Efficient uptake of flavonoids into parsley (Petroselinum hortense) vacuoles requires acylated glycosides.

Vacuoles were prepared from cultured parsley cells by polyamine-induced rupture of protoplasts. Acid-phosphatase activity, associated exclusively with the vacuoles, served for determination of vacuole yield in subsequent transport studies. Isolated vacuoles rapidly accumulated [2‴-(14)C]apigenin 7-O-(6-O-malonylglucoside) or 2″-(14)C]β-methyl D-6-O-malonylglucoside added at approximately 20 nM and 1.5 μM concentration, respectively, to the incubation mixture. The accumulation was linear with time and strongly dependent on alkaline buffer conditions as well as on the age of the vacuole preparation.

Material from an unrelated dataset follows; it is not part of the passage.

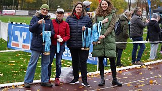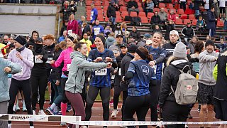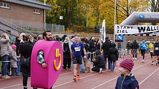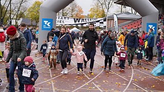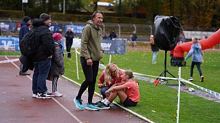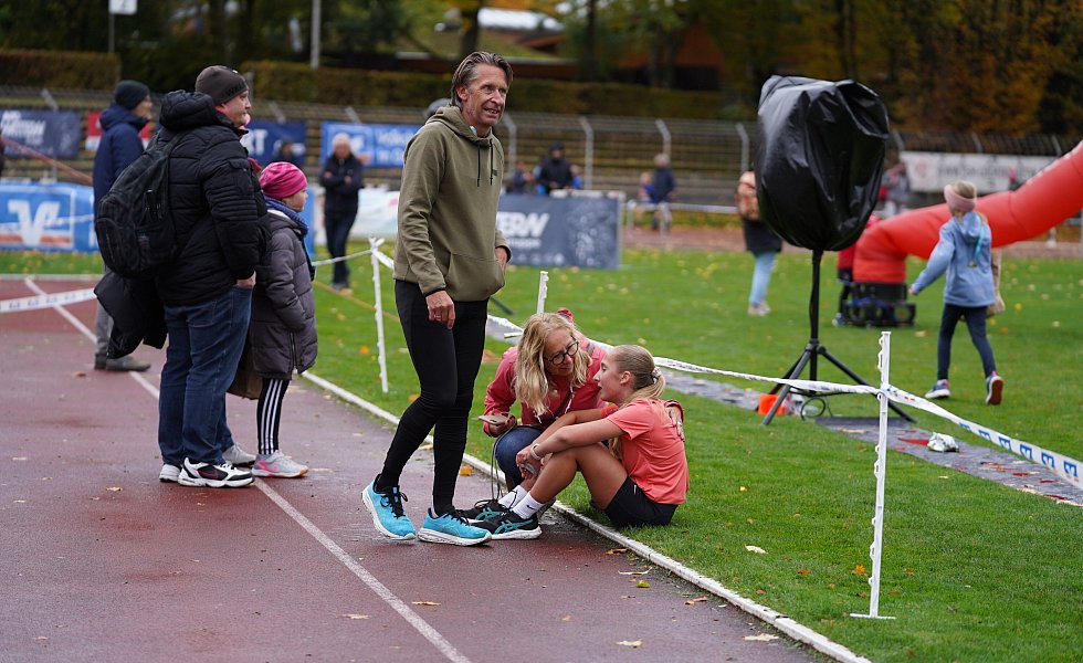 Familiensache: Jette ist gerade vom Schülerlauf im Ziel und wird von Kerstin versorgt. Papa Kai startet später über die 10 Kilometer
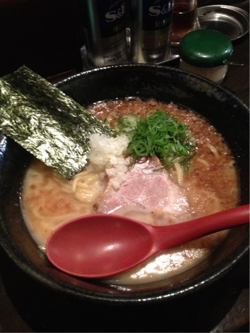 まろやかな味噌ラーメンで、私が味噌ラーメンを好きになったきっかけのお店です。炒め野菜と、おろし生姜がアクセント∩^ω^∩。

Subsequent addition of a malonic hemiester esterase did not relase the label from the vacuoles. Moreover, neither [2-(14)C]apigenin 7-O-glucoside or [2-(14)C]malonic acid accumulated in the vacuoles under any assay conditions, nor did such compounds or β-methyl D-glucopyranoside, a malonic diester, and a succinic monoester inhibit transport of the acylated flavonoid. Transport was, however, inhibited by β-methyl D-6-O-malonylglucopyranoside. Vacuoles which had been incubated for more than 40 min at pH 8.0 did not stain any more with neutral-red dye and concomitantly lost the previously accumulated acylated glucoside. Our data confirm that malonylglucoside uptake by parsley vacuoles involves selective transport sites. It is suggested that changes in the molecular symmetry of the malonylglucosides are responsible for vacuolar trapping of flavonoids in parsley.